The work marks a major advance for synthetic biology and carbon recycling, opening the door for developing sustainable, carbon-neutral fuels and materials.

Looking beyond nature

As researchers search for solutions to help fight the ever-warming atmosphere, many have sought to upcycle captured carbon dioxide into valuable chemicals. Because it’s easy to make from electricity and water, formate has emerged as a promising starting point. Then, biological systems could perform the work needed to convert formate into useful materials.

Unfortunately, living cells struggle to use formate efficiently. Only a few rare microbes can digest formate naturally, and those microbes are difficult to engineer for large-scale production.
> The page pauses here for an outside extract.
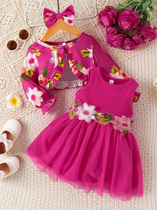 New Baby Girl Spring and Autumn Style Sleeveless Waist Flower Design Spliced Dress+Small Coat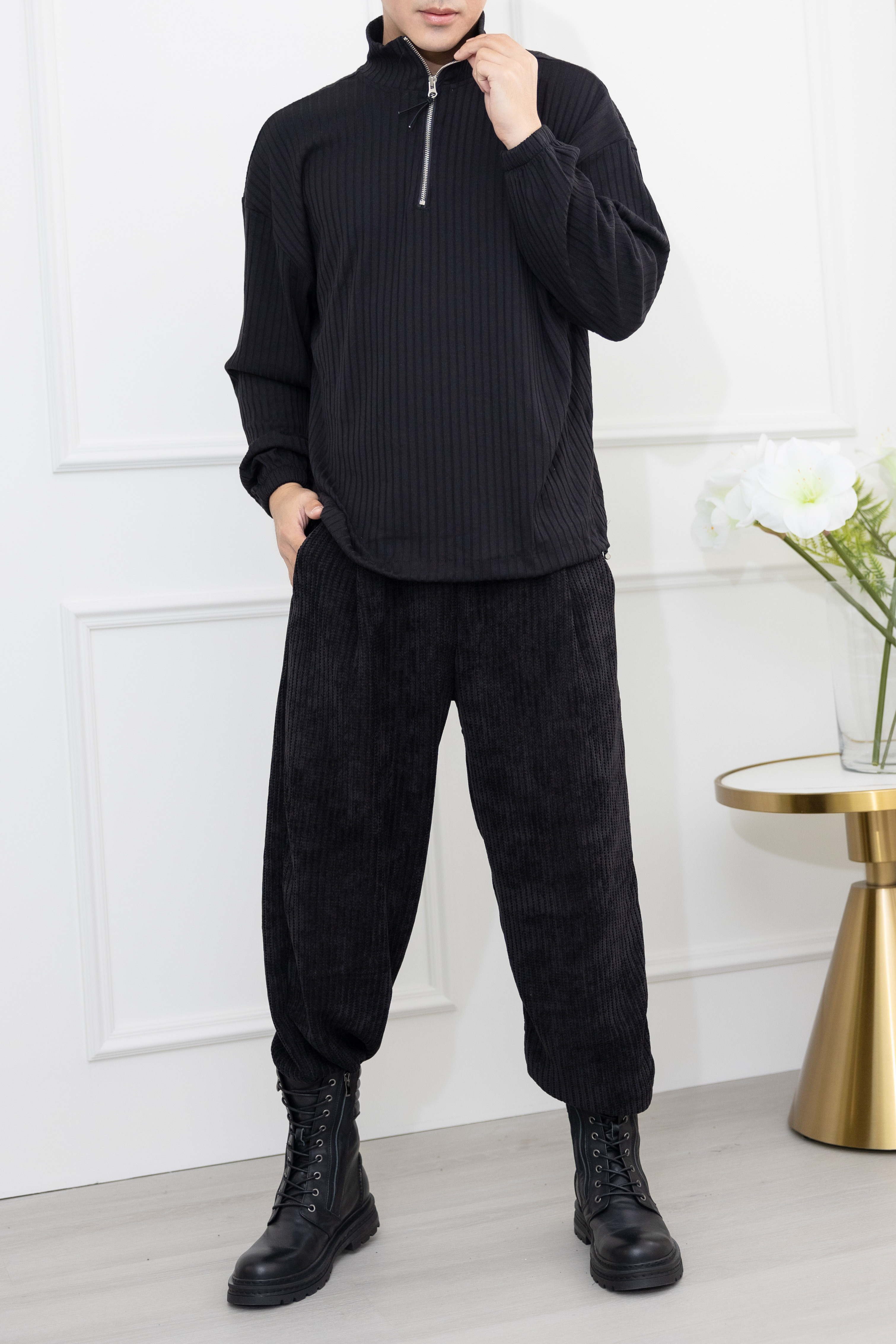 긴팔 半拉鍊直紋彈性長袖上衣/黑色

Testing thousands of enzymes per week

Before building the metabolic pathway, the research team needed enzymes that could perform these non-natural reactions. To rapidly express and test large numbers of enzyme variants, the team turned to cell-free synthetic biology. In this approach, scientists essentially remove a cell’s wall, collect its molecular machinery (enzymes, cofactors and small molecules) and put it all into a test tube. Scientists then can use this machinery — outside of a living organism — to make a product in a safe, inexpensive and rapid manner.
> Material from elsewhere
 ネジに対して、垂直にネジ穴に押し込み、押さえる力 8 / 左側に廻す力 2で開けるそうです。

Using a cell-free system enabled the team to rapidly screen 66 enzymes and more than 3,000 enzyme variants to find the ones that worked best. This process was much faster and more flexible than using live cells, which would have been slow and laborious.

How it works

With this process, the researchers engineered five distinct enzymes. The final pathway design comprises six total reaction steps, in which each enzyme performs one step. Together, the series of reactions successfully transformed formate into acetyl-CoA.

Much like the enzyme testing, the entire system is run outside of living cells. That means the team could precisely control enzyme concentrations, cofactors and conditions — something that’s nearly impossible to accomplish inside a living organism.

After establishing the system, Karim, Jewett and their teams used ReForm to convert acetyl-CoA into malate. The team also demonstrated ReForm can accept other carbon-based inputs, including formaldehyde and methanol.

The research appears in the journal Nature Chemical Engineering, titled “A synthetic cell-free pathway for biocatalytic upgrading of formate from electrochemically reduced CO₂”.